- [Directions for this task] Leaving out pictures, output exactly the lines below from the one that has "- Déchèterie communautaire" through the one that has "vibrant green leaves", and nothing else.

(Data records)
* * * * * * * * *

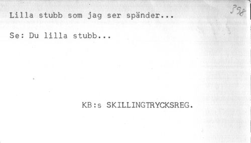 //// Lilla stubb som jag ser spänder... ^ //// Se: Du lilla stubb... //// '-.,_____...___...... ... //// ! //// KB:s SKILLINGTRYCKSREG. ////
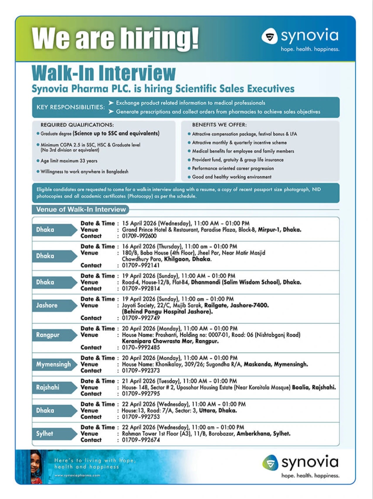 সাইনোভিয়া ফার্মা পিএলসি নিয়োগ অফিসিয়াল নোটিশ
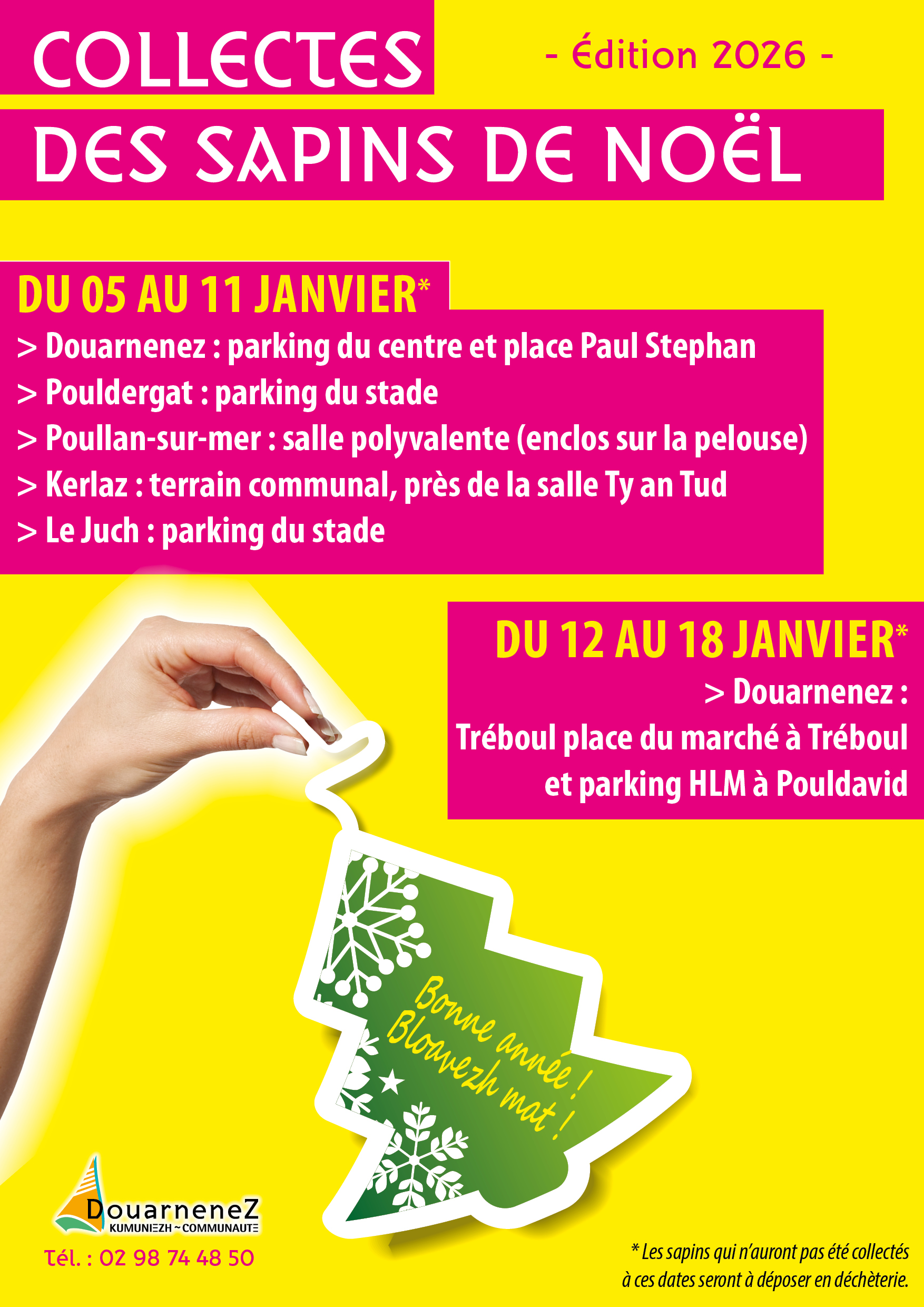 - Déchèterie communautaire de Lannugat à Douarnenez : elle sera fermée au public à 16h les 24 et 31 décembre 2025. Elle sera fermée le 25 décembre 2025 et le 01 janvier 2026. La déchèterie de Lestrivin à Poullan-sur-mer est fermée jusqu’à mi-avril 2026 pour travaux.
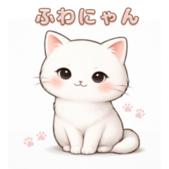 Cute and relaxed white cat "Fuwanyan" stickers for everyday use.
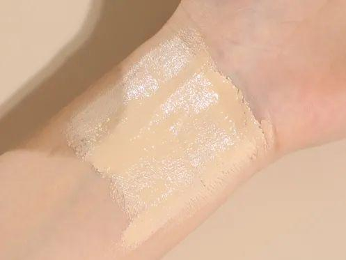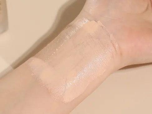 质地比较轻薄,在皮肤上推开的时候有种在涂面霜的感觉,很丝滑~推开后带有微微光泽感,一点都不厚重。
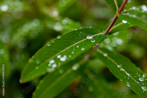 © River Ho, Obraz premium crystal clear dew drops are condensed on vibrant green leaves
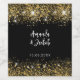 A classic black background decorated with faux gold glitter, sparkles. Personalise and your names and the wedding date.
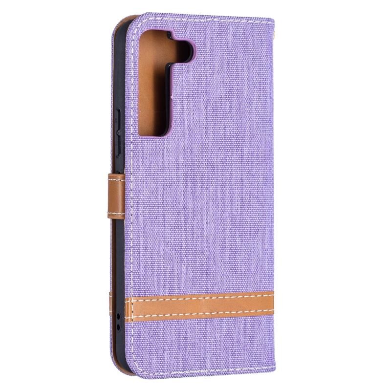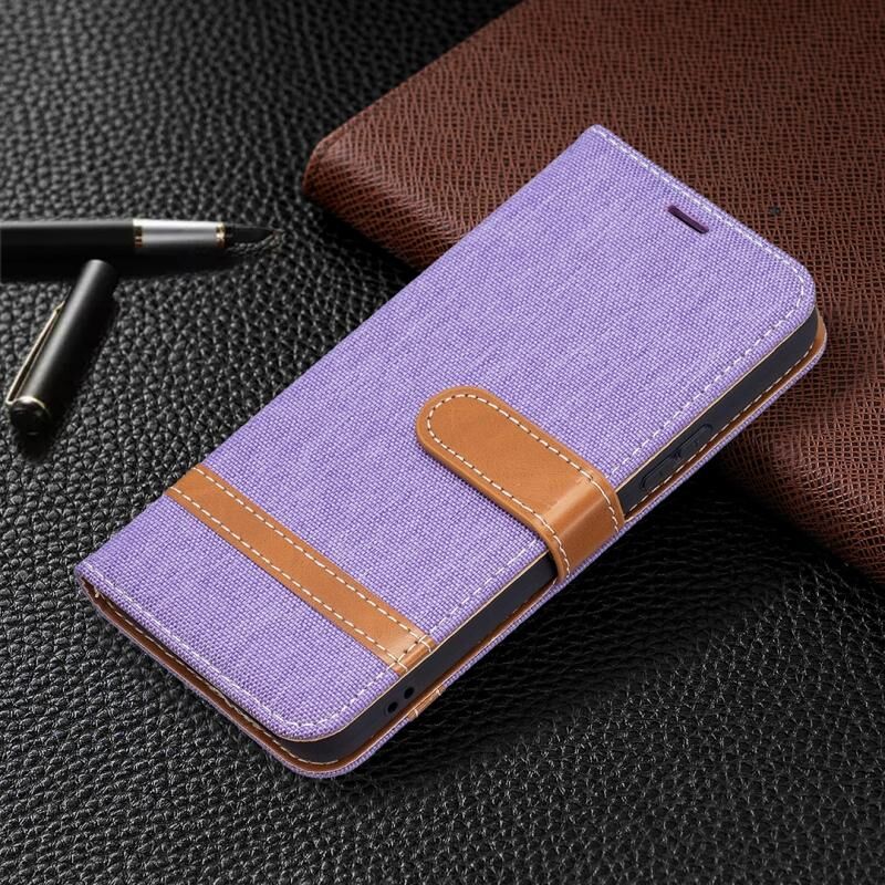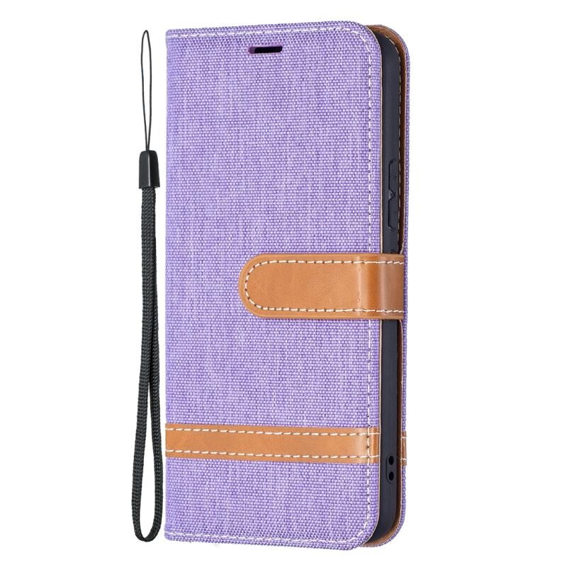 Για Samsung Galaxy S22 5G Χρώμα ταιριάζουν Denim Υφή δερμάτινη θήκη με θήκη & υποδοχές για κάρτες & πορτοφόλι & κορδόνι (μωβ)
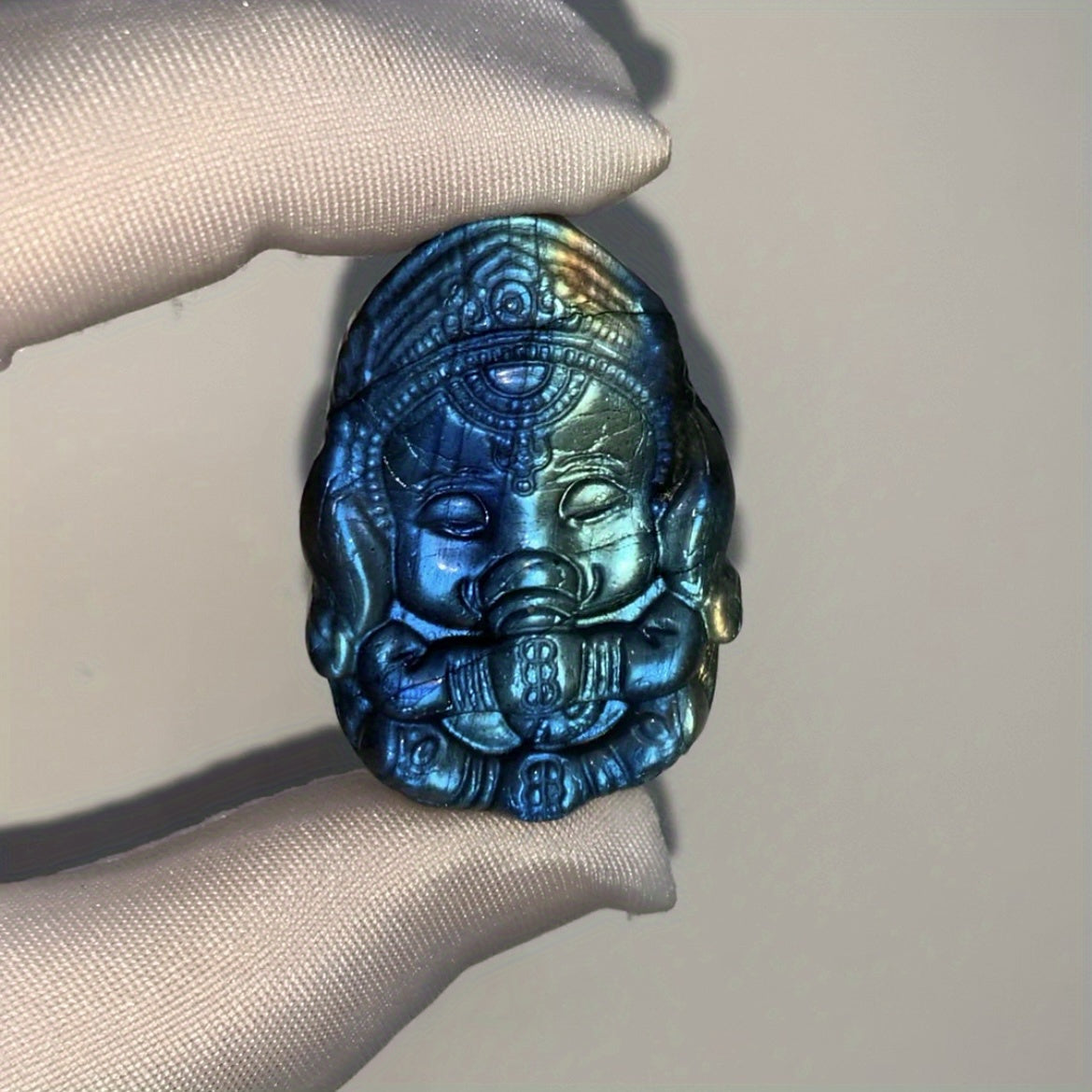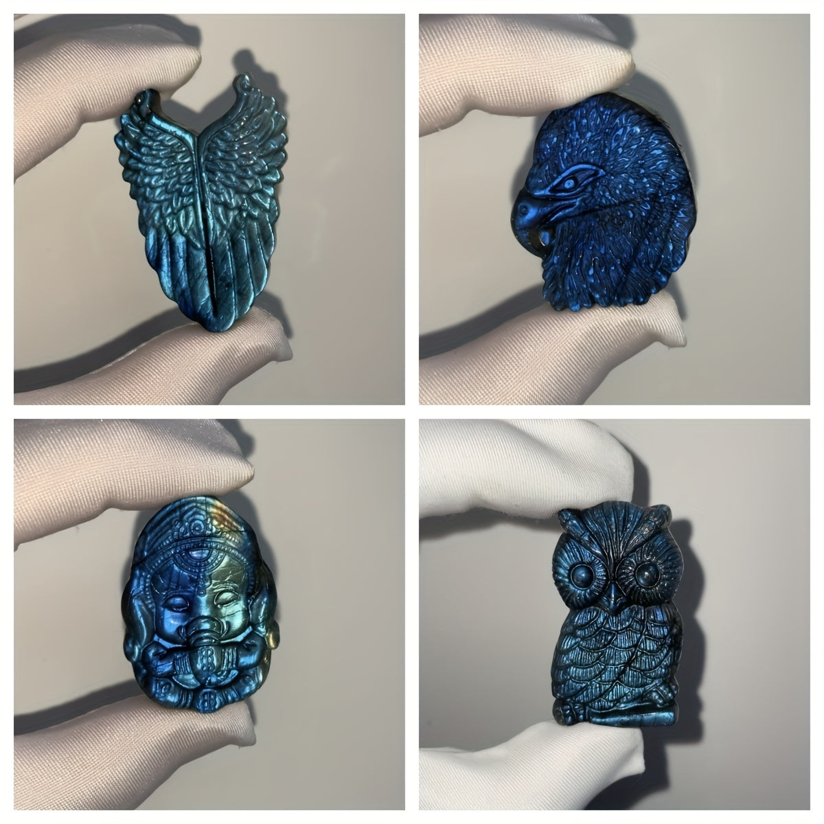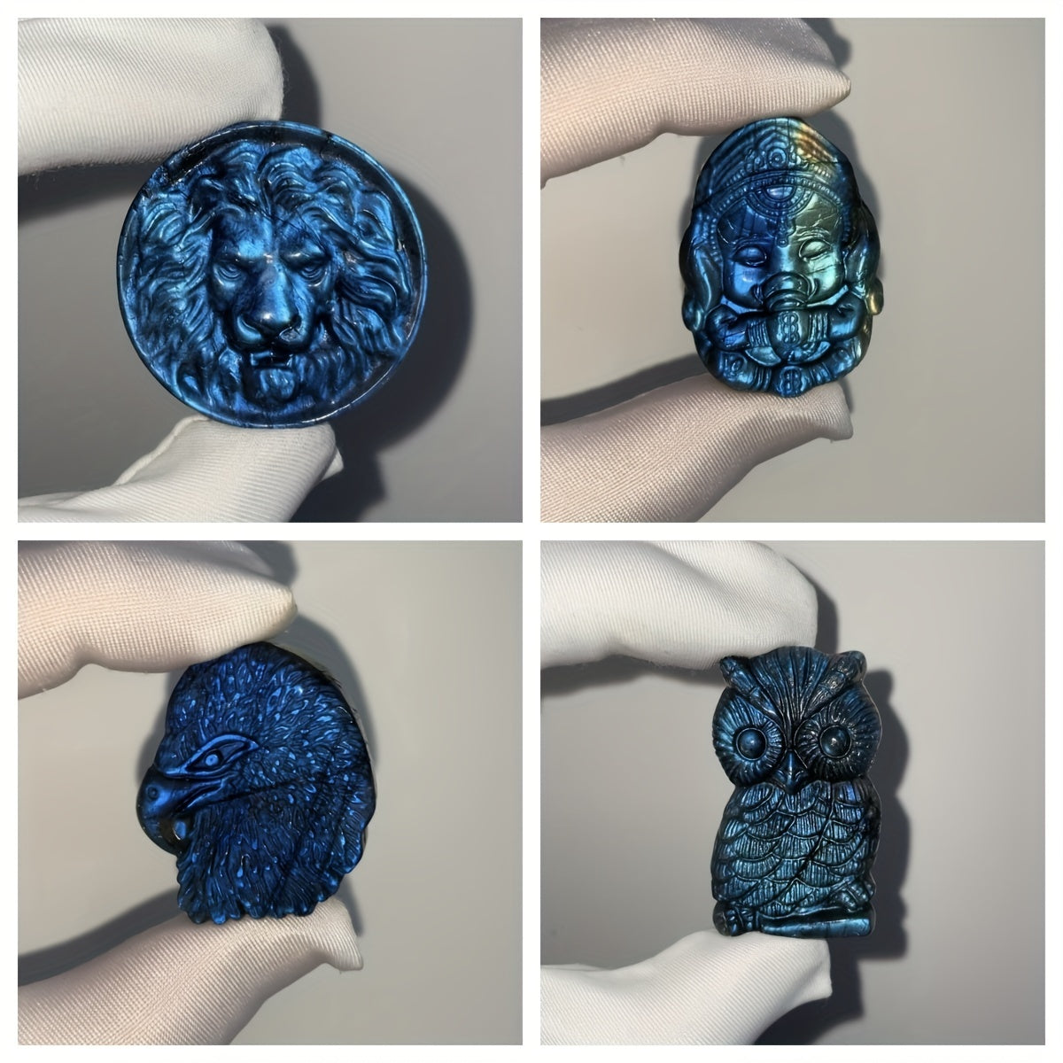 This natural Labradorite carving features various animal and celestial designs suitable for DIY projects or as a glittering crystal ornament.

* * * * * * * * *

- [Result below]
 - Déchèterie communautaire de Lannugat à Douarnenez : elle sera fermée au public à 16h les 24 et 31 décembre 2025. Elle sera fermée le 25 décembre 2025 et le 01 janvier 2026. La déchèterie de Lestrivin à Poullan-sur-mer est fermée jusqu’à mi-avril 2026 pour travaux.
 Cute and relaxed white cat "Fuwanyan" stickers for everyday use.
 质地比较轻薄,在皮肤上推开的时候有种在涂面霜的感觉,很丝滑~推开后带有微微光泽感,一点都不厚重。
 © River Ho, Obraz premium crystal clear dew drops are condensed on vibrant green leaves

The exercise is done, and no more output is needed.